The edit-region weighted loss resolves a practical yet subtle training issue (the copying shortcut).

Limitations & Future Work¶

Large parameter size, resulting in higher inference costs compared to specialized models.
It may underperform compared to meticulously designed specialized models on specific tasks (such as ControlNet for edge-detection conditional control).
Immense demands for training data scale and computing resources (104 A800 GPUs).
More efficient architecture designs and knowledge distillation schemes remain to be explored.

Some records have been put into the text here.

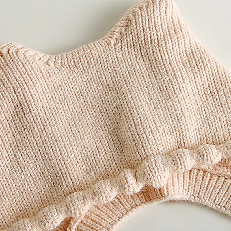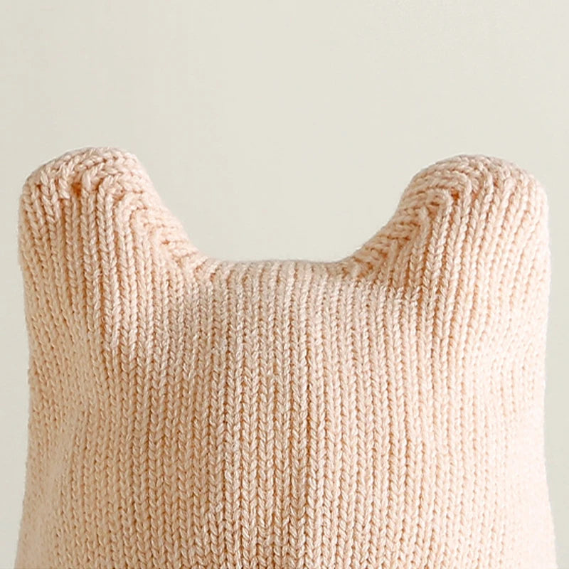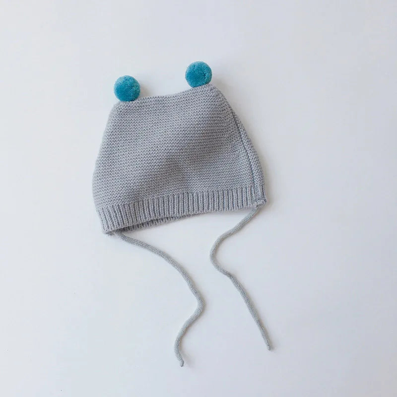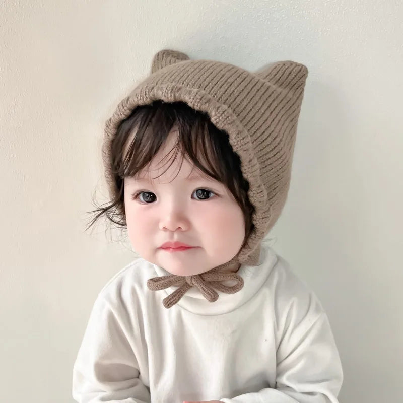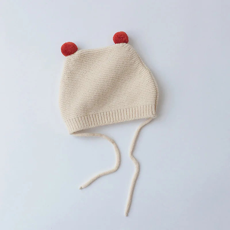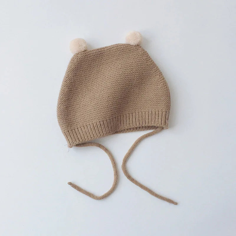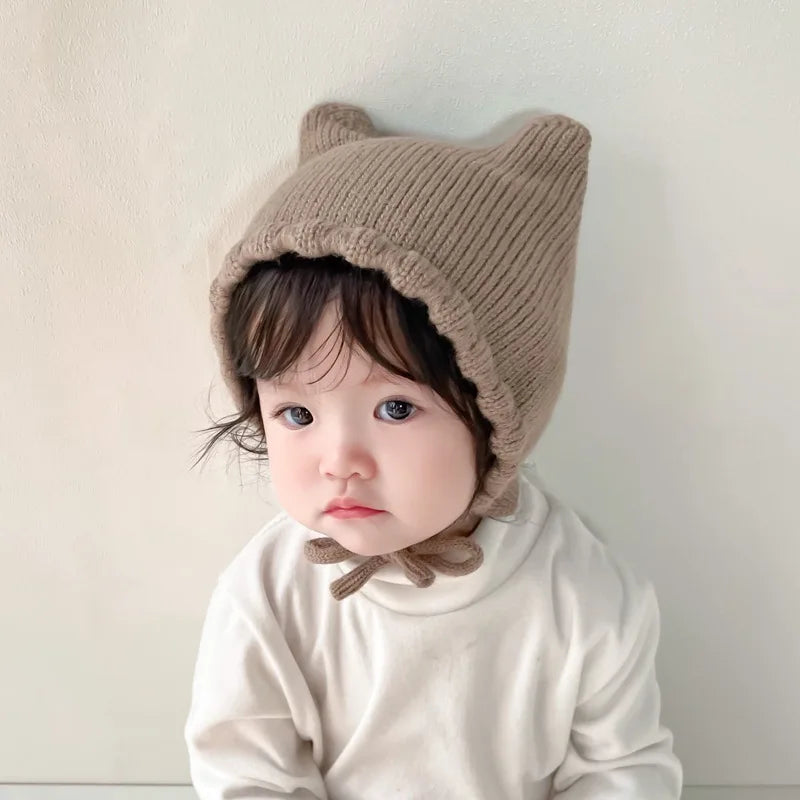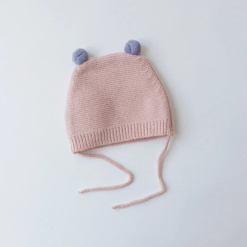 Gorro de punto para bebé de dibujos animados de invierno - Gorro con protección para los oídos de color sólido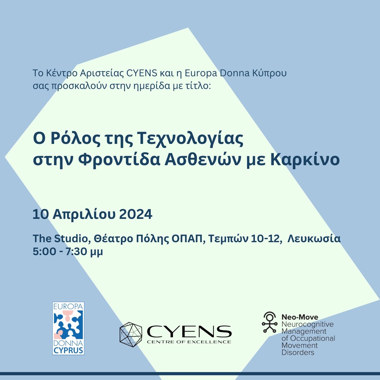 Το Κέντρο Αριστείας CYENS και η Europa Donna Κύπρου συνδιοργανώνουν την ημερίδα με τίτλο: Ο Ρόλος της Τεχνολογίας στην Φροντίδα Ασθενών με Καρκίνο.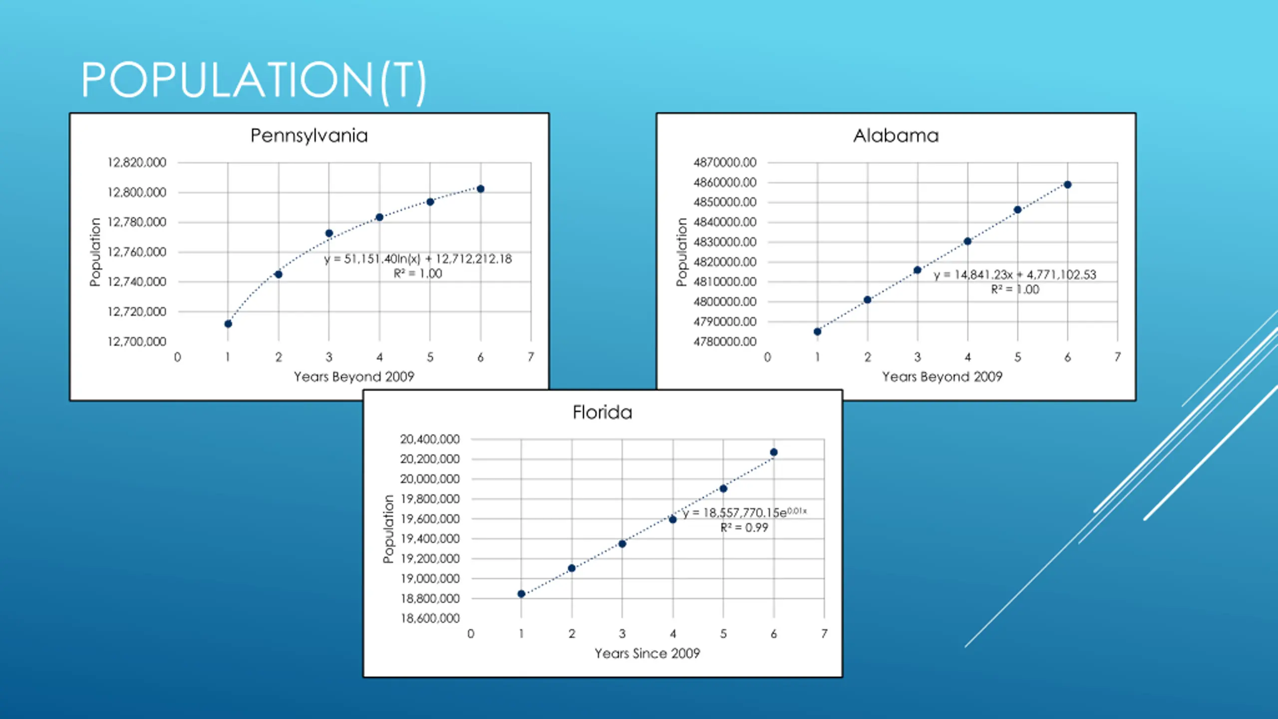 POPULATION(T) Pennsylvania Alabama 12,820,000 4870000.00 4860000.00 12,800,000 4850000.00 12,780,000 4840000.00 Population Population 4830000.00 12,760,000 y = 51,151.40ln(x) + 12,712,212.18 R = 1.00 4820000.00 y = 14,841.23x + 4,771,102.53 R = 1.00 12,740,000 4810000.00 4800000.00 12,720,000 4790000.00 12,700,000 4780000.00 0 1 2 3 4 5 6 7 0 1 2 3 4 5 6 7 Years Beyond 2009 Years Beyond 2009 Florida 20,400,000 20,200,000 20,000,000 19,800,000 Population y = 18,557,770.15e0.01x R = 0.99 19,600,000 19,400,000 19,200,000 19,000,000 18,800,000 18,600,000 0 1 2 3 4 5 6 7 Years Since 2009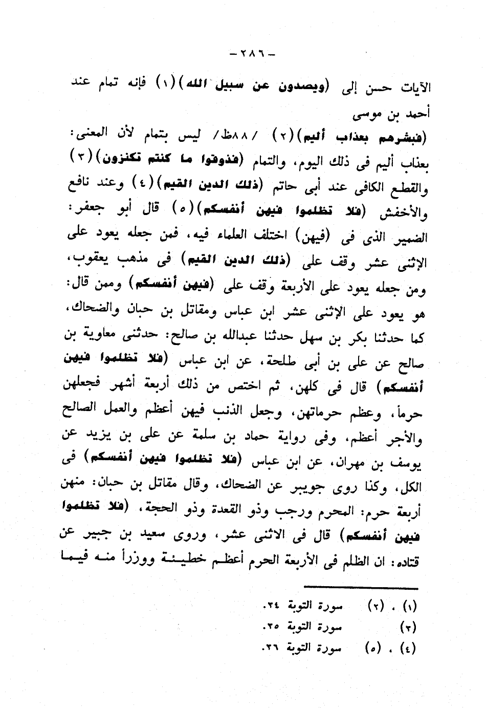 {فبشرهم بعذاب أليم} ليس بتمام لأن المعنى: بعذاب أليم في ذلك اليوم، والتمام {فذوقوا ما كنتم تكنزون} والقطع الكافي عند أبي حاتم {ذلك الدين القيم} وعند نافع والأخفش {فلا تظلموا فيهن أنفسكم} قال أبو جعفر: الضمير الذي في (فيهن) اختلف العلماء فيه، فمن جعله يعود على الاثنى عشر وقف على (ذلك الدين القيم) في مذهب يعقوب، ومن جعله يعود على الأربعة وقف على (فيهن أنفسكم) وممن قال: هو يعود على الاثنى عشر ابن عباس ومقاتل بن حبان والضحاك، كما حدثنا بكر بن سهل حدثنا عبد الله بن صالح: حدثن يمعاوية بن صالح عن علي بن أبي طلحة، عن ابن عباس (فلا تظلموا فيهن أنفسكم) قال في كلهن، ثم اختص من ذلك أربعة أشهر فجعلهن حرمًا، وعظم حرماتهن، وجعل الذنب فيهن أعظم والعمل الصالح والأجر أعظم، وفي رواية حماد بن سلمة عن علي بن يزيد عن يوسف بن مهران، عن ابن عباس (فلا تظلموا فيهن أنفسكم) في الكل، وكذا روى جويبر عن الضحاك، وقال مقاتل بن حبان: منهن أربعة حرم: المحرم ورجب وذو القعدة وذو الحجة، (فلا تظلموا فيهن أنفسكم) قال في الاثنى عشر، وروى سعيد بن جبير عن قتاده: إن الظلم في الأربعة الحرم أعظم خطيئة ووزرًا منه فيما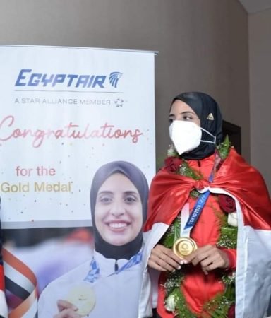 وصلت مطار القاهرة الدولي، قبل قليل، البطلة الأولمبية المصرية فريال أشرف الحاصلة على الميدالية الذهبية بمنافسات الكاراتيه بدورة الألعاب الأولمبية التى أقيمت فى طوكيو خلال الفترة من 23 يوليو حتى 8 أغسطس الجاري.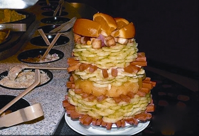 记者在百度输入“必胜客自助沙拉”,出现帖子10多万篇,其中大多是关于堆砌沙拉塔的技巧。在“得意生活”等武汉生活论坛上,高手们发布的自助沙拉堆砌攻略、秘笈比比皆是,用胡萝卜当“钢筋”,用菠萝块做“承重墙”,用葡萄干填补缝隙……不少人还在网上“晒”出沙拉塔图片。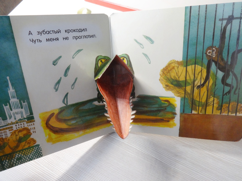 С этой книгой вообще отдельная история. Одно время Костик носил читать только ее, при этом старался побыстрее открыть последнюю страницу с крокодилом. Но! Этого крокодила он боялся, сразу от книги отходил. А стоило только закрыть книгу, снова требовал крокодила (если я подносила его поближе и открывала пасть, то вообще убегал). Такая вот любовь, смешанная со страхом. Сейчас уже не боится даже пальцы в пасть засунуть. 😁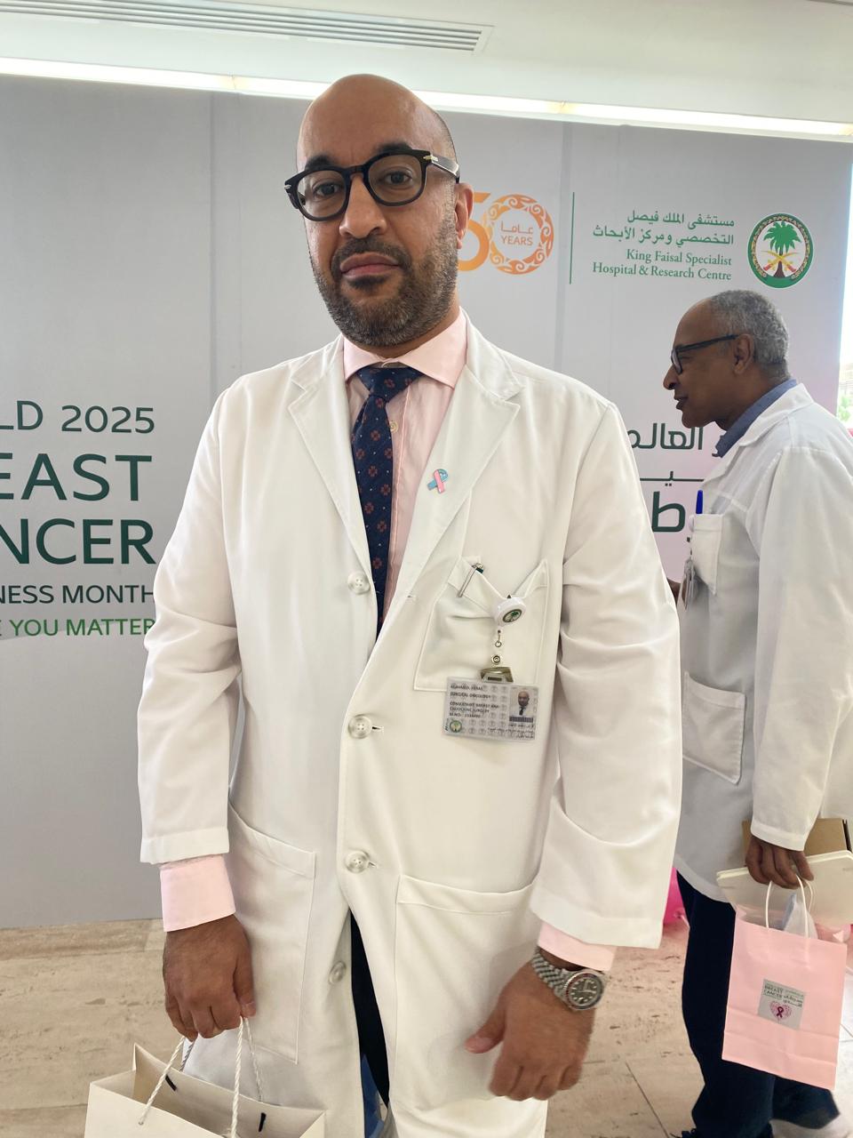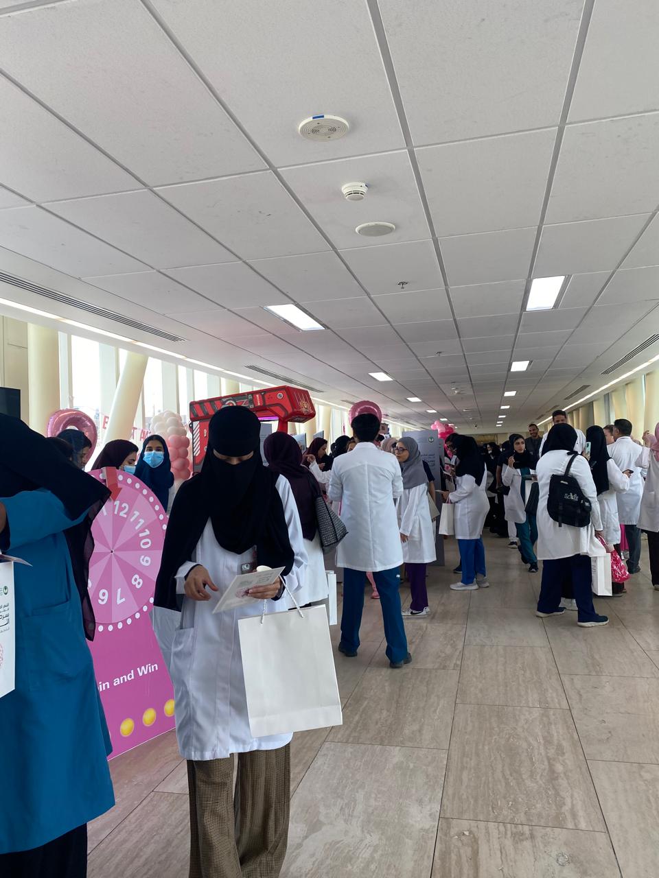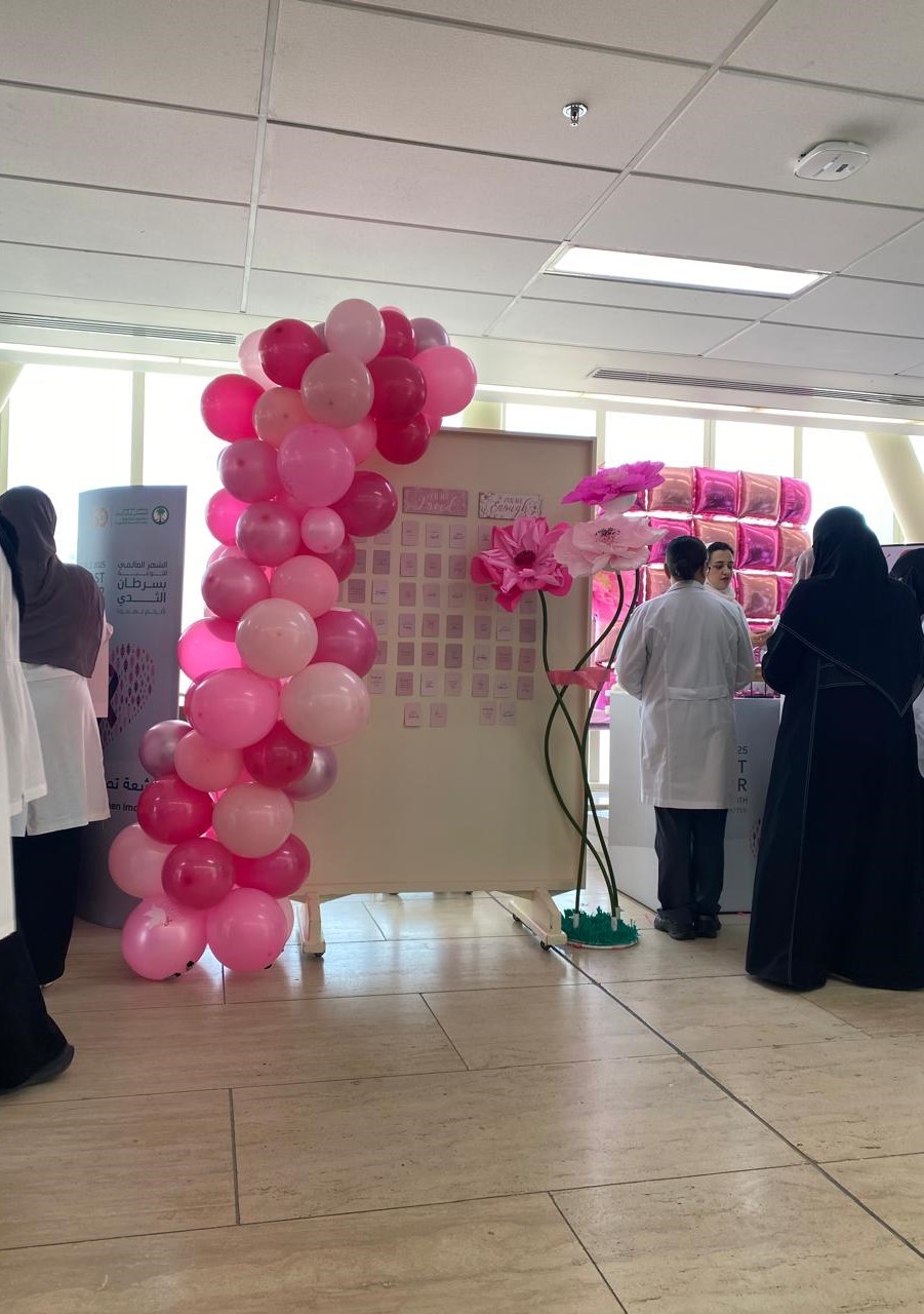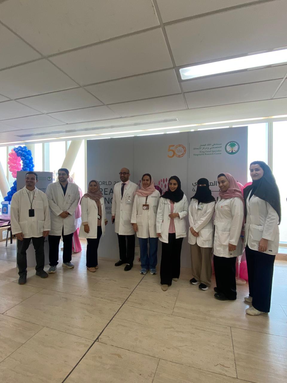 أقام مستشفى الملك فيصل التخصص ومركز الأبحاث بالرياض فعالية توعوية لسرطان الثدي في برج الملك عبدالله للأورام بمشاركة جميع أقسام علاج أورام الثدي.

vs ControlNet/IP-Adapter: Require extra plugins and multi-step workflows, whereas OmniGen achieves this end-to-end.
vs SD3/DALL-E: Focus on text-to-image, whereas OmniGen simultaneously supports diverse tasks with multimodal inputs.
vs InstructPix2Pix: Only performs editing, whereas OmniGen treats editing as one of the sub-tasks in a unified framework.

Rating¶

Novelty: ⭐⭐⭐⭐⭐ — The first truly general-purpose image generation foundation model.
Experimental Thoroughness: ⭐⭐⭐⭐ — Evaluation across multiple tasks and benchmarks, though comparisons on some individual tasks are not thoroughly detailed.
Writing Quality: ⭐⭐⭐⭐ — Clear vision with a concise architectural description.
Value: ⭐⭐⭐⭐⭐ — Significantly simplifies image generation workflows, with a substantial open-source contribution.